As shown in fig. 1, an embodiment of the present application provides a multi-frequency antenna, including: in order to improve the antenna function provided by the embodiment of the present application, the feed line 30 and the radiation unit 10 connected to the feed line 30 are further provided with two notch structures, namely, a first notch structure 40 and a second notch structure 50. The first notch structure 40 is located at one side of the radiation unit 10 and coupled to the radiation unit 10, and when the first notch structure is coupled to the radiation unit 10, the radiation unit 10 and the first notch structure 40 are not directly connected to each other, and a gap is formed therebetween.

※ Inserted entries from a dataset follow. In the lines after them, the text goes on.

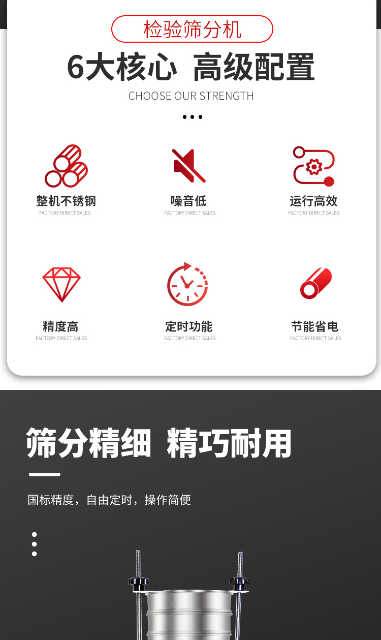 “機械篩分”將篩子按孔徑大小疊在一起,給料放在頂上一層篩子上,并加上蓋和底盤,一般疊5~6個篩子。然后放在機械振篩器上進行機械振動篩分。通常,振動時間為20分鐘。檢測篩分質量時,再用振篩器振篩器振篩5分鐘,如每分鐘篩下量小于0.2%試驗樣量即為合格,對于粗粒物料,過篩率小于1%即可。如篩分過程中損失量超過總篩分量的0.5%時,試驗必須重新取樣進行。為避免損失和延長篩分時間,有時在開始篩分時先用細的篩子將粉塵篩除。
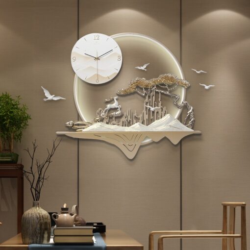 Phong cảnh sơn thủy với núi non, cây cối và dòng chảy đại diện cho sự cân bằng giữa yếu tố âm và dương. Thiết kế đồng hồ này không chỉ làm đẹp không gian mà còn giúp cân bằng năng lượng, mang lại cảm giác bình yên và hài hòa.
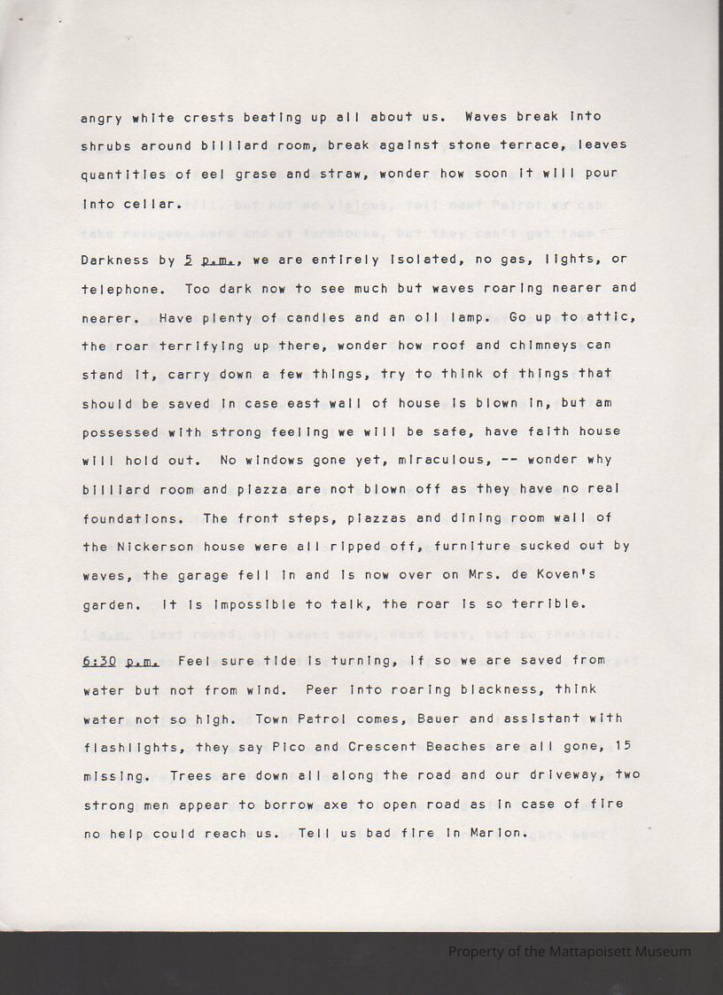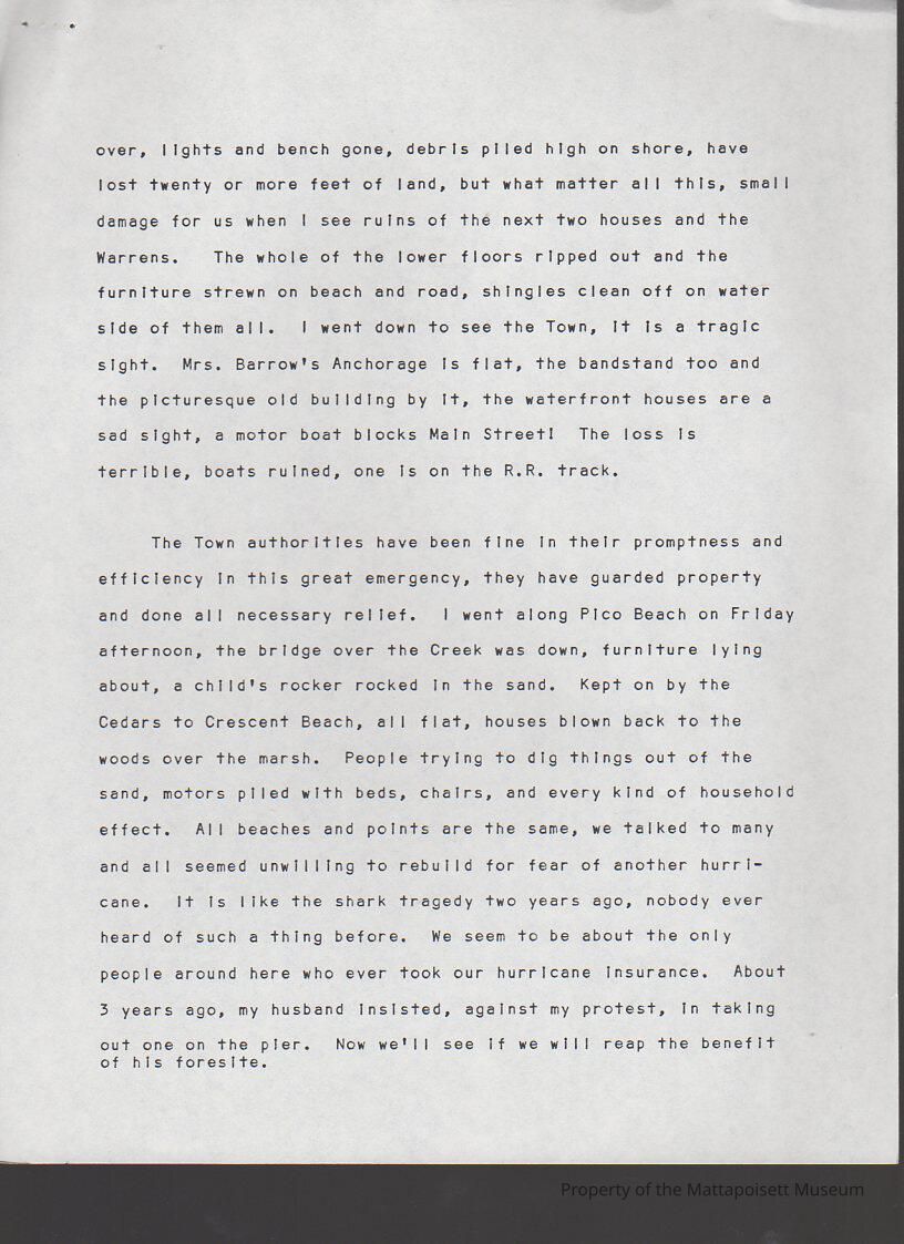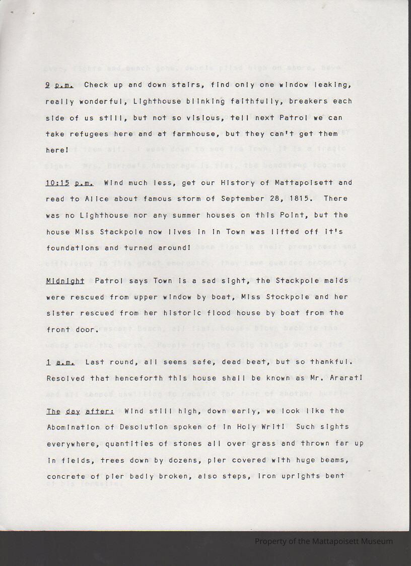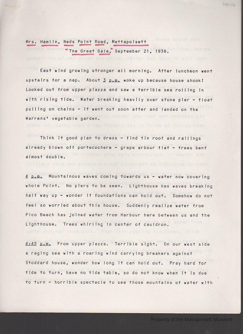 Mrs. Hamlin, Neds Point Road, Mattapoisett. "The Great Gale". Recollections of 1938 Hurricane.Collection
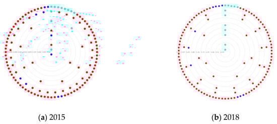 Figure 5. Centralization map for years 2015 (a) and 2018 (b).

The second notch structure 50 is located on a side of the first notch structure 40 remote from the radiating element 10. In addition, an end of the second trap structure 50 remote from the first trap structure 40 is grounded. The first notch structure 40 may be connected to either ground or the second notch structure 50. Therefore, the length of the current path of the notch structure can be adjusted to meet the requirements of different frequency bands. As shown in FIG. 3, when the first notch structure 40 and the second notch structure 50 are connected, it is equivalent to one notch structure, and when specifically connected, the first notch structure 40 is connected to the second notch structure 50 through the first tuning element 70. As shown in FIG. 1, when the first notch structure 40 is grounded and the end of the second notch structure 50 (the end away from ground) is suspended, it is equivalent to two notch structures.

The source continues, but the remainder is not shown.